Eosinophilic Granulomatosis with Polyangiitis (EGPA), formerly Churg-Strauss Syndrome

EGPA is characterized by a classic triad of asthma, eosinophilia, and necrotizing vasculitis. The presence of asthma, peripheral blood eosinophilia with elevated IgE levels, pulmonary eosinophilia in BAL fluid, and the presence of eosinophils in tissue, make it unique amongst AAV, and also make it difficult to identify as a manifestation of vasculitis. EGPA is the rarest of the three AAVs, and DAH is rarely seen in EPGA. Migratory ground glass lesions on CT are the characteristic lower respiratory tract finding in EGPA.

Cardiac involvement is more common in EGPA than the other AAVs, occurring in 15-50% of patients, and it is disproportionately associated with high mortality. Gastrointestinal involvement with pain, infarction, hemorrhage, and viscus perforation are also more common in EGPA than other AAVs.

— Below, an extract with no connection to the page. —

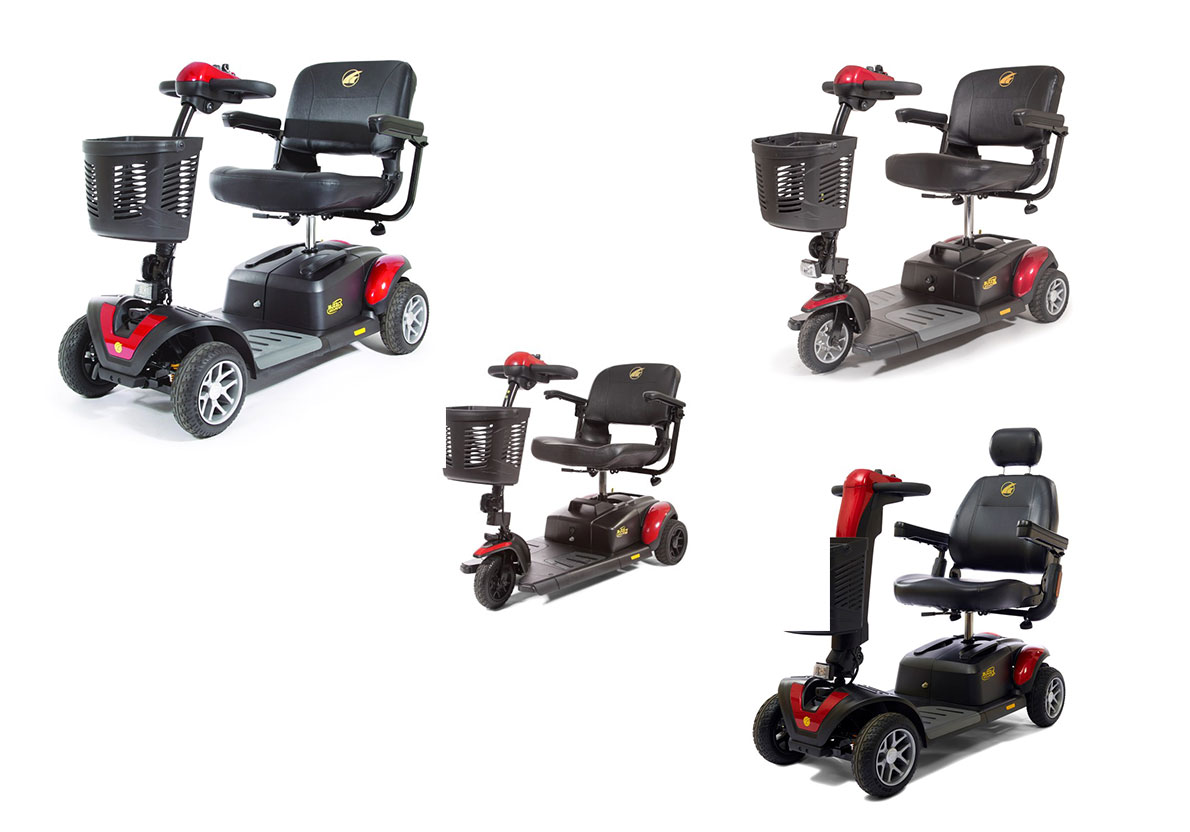 Buzzaround XL: The Buzzaround XL offers more standard features to make your riding experience better than ever. Featuring a wraparound Delta Tiller, a new LED battery gauge, and a new ultra bright LED angle-adjustable headlight, the new Buzzaround XL is also longer to offer more footroom, with a great turning radius. The Buzzaround XL disassembles in seconds with just 4 easy steps making transporting it from one destination to another a breeze!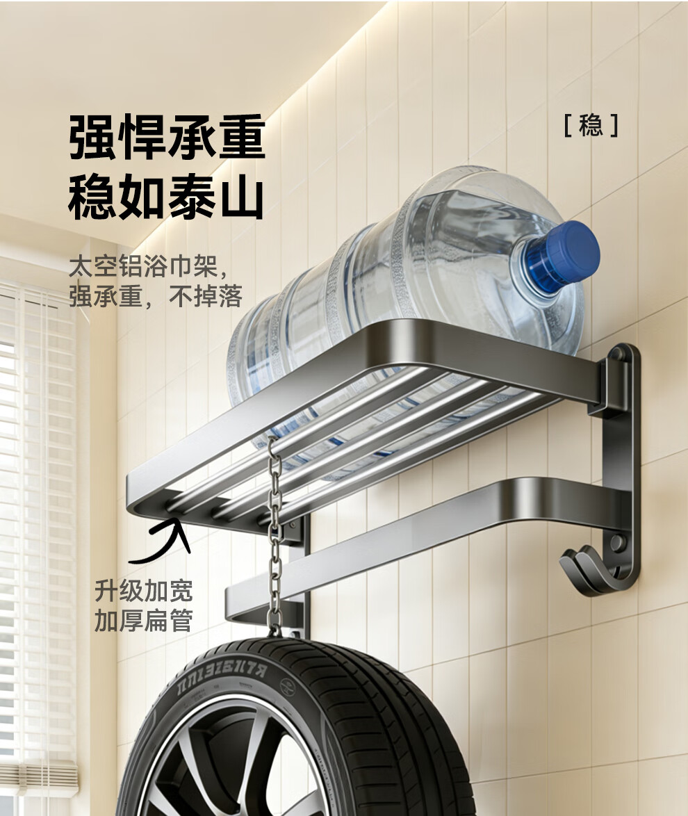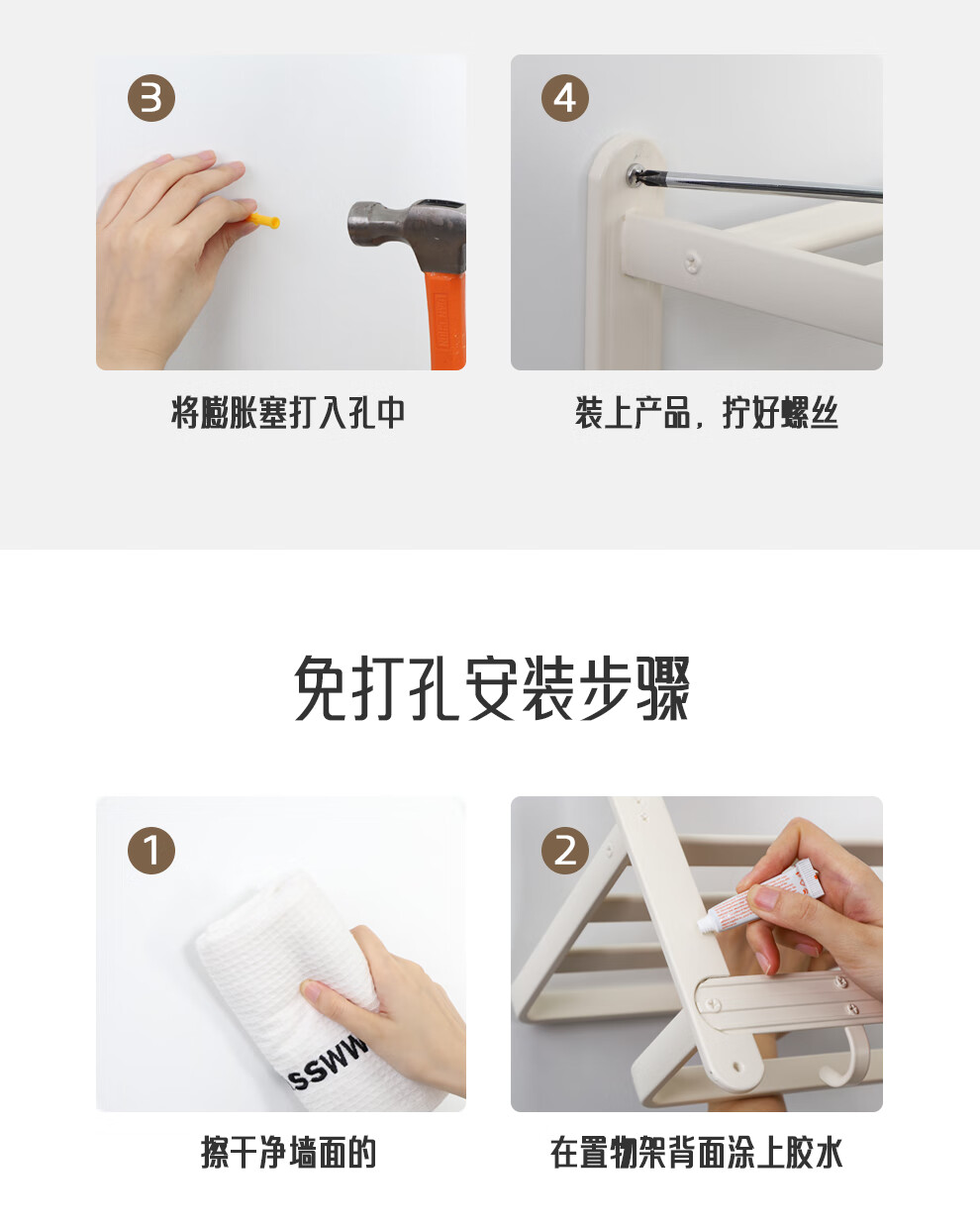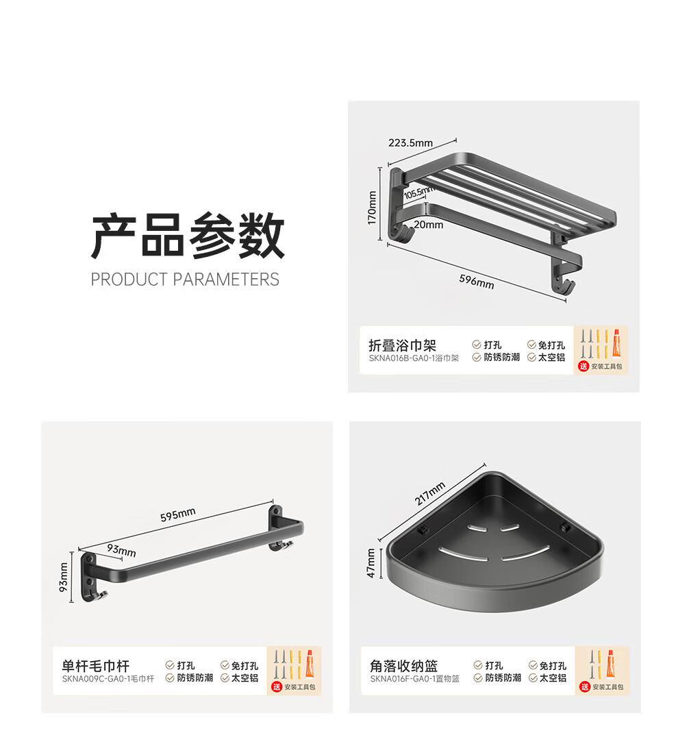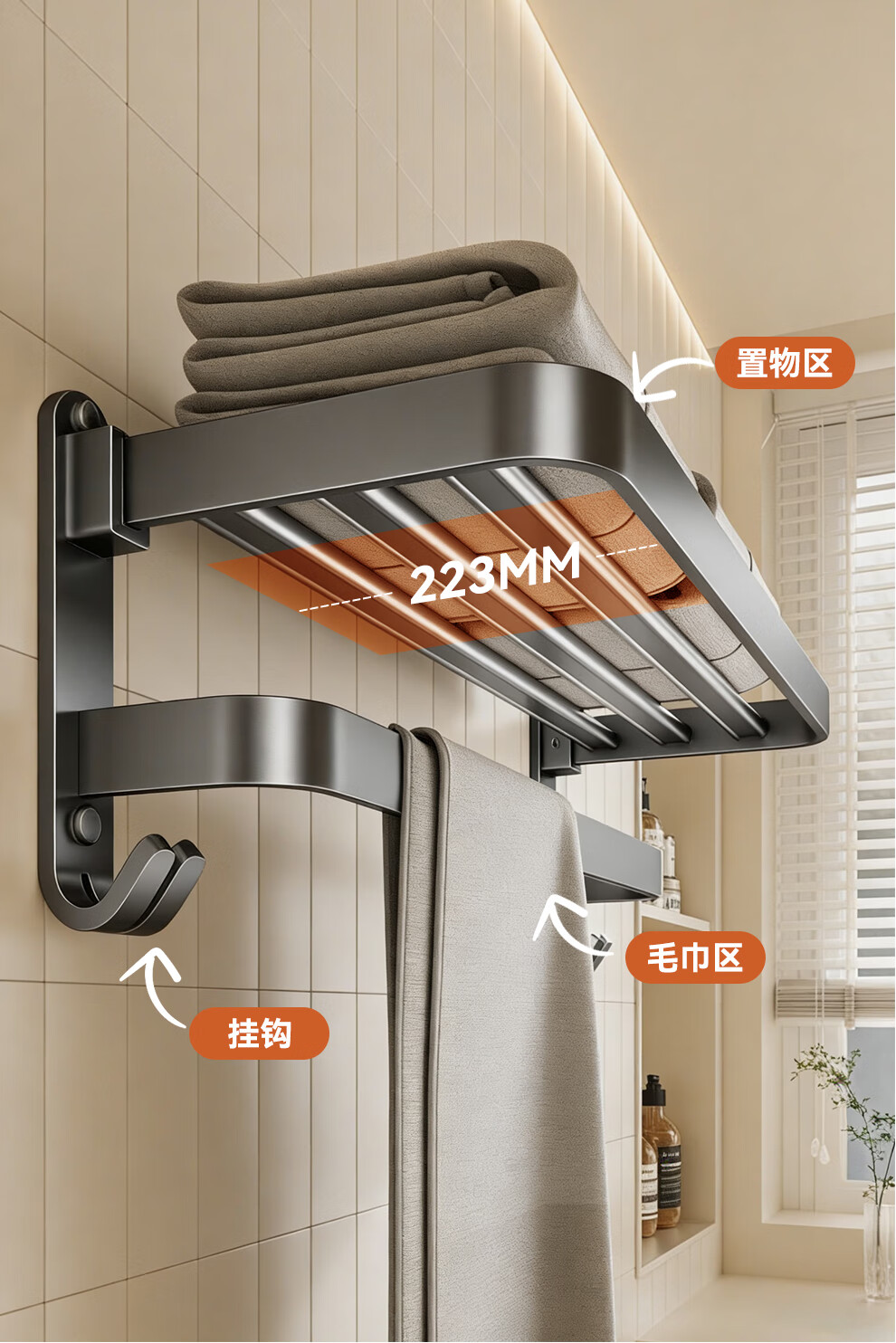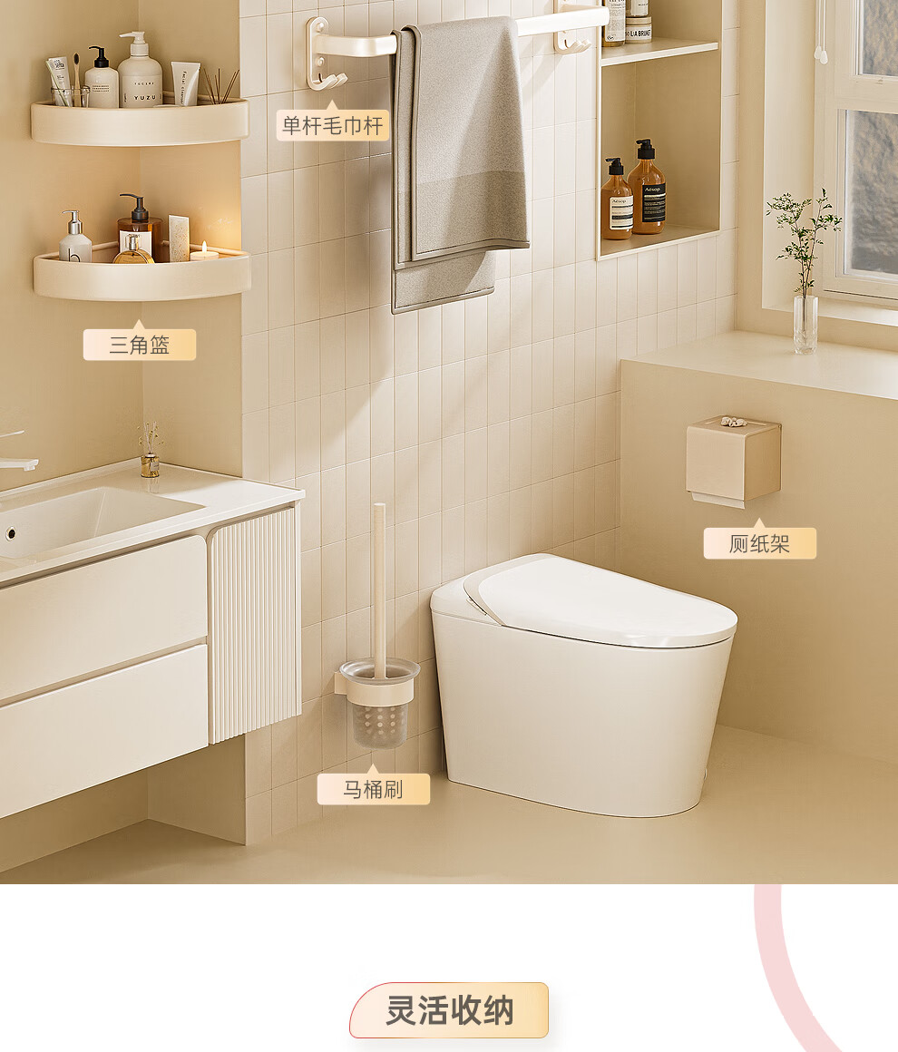 浪鲸(SSWW)卫浴免打孔太空铝吸盘毛巾架置物架折叠浴巾架浴室用品壁挂式挂件 【奶白】单层三角收纳篮

Microscopic Polyangiitis (MPA)

RPGN is nearly always present in MPA, and MPA is the most common pulmonary-renal syndrome. In contrast to GPA with its classic upper airway findings and cavitary lesions and EGPA with its asthma and ground glass opacities, MPA does not have features that distinguish it from other AAV aside from its very high rate of renal involvement. What does distinguish MPA from GPA and MPA is the absence of granulomas on biopsy.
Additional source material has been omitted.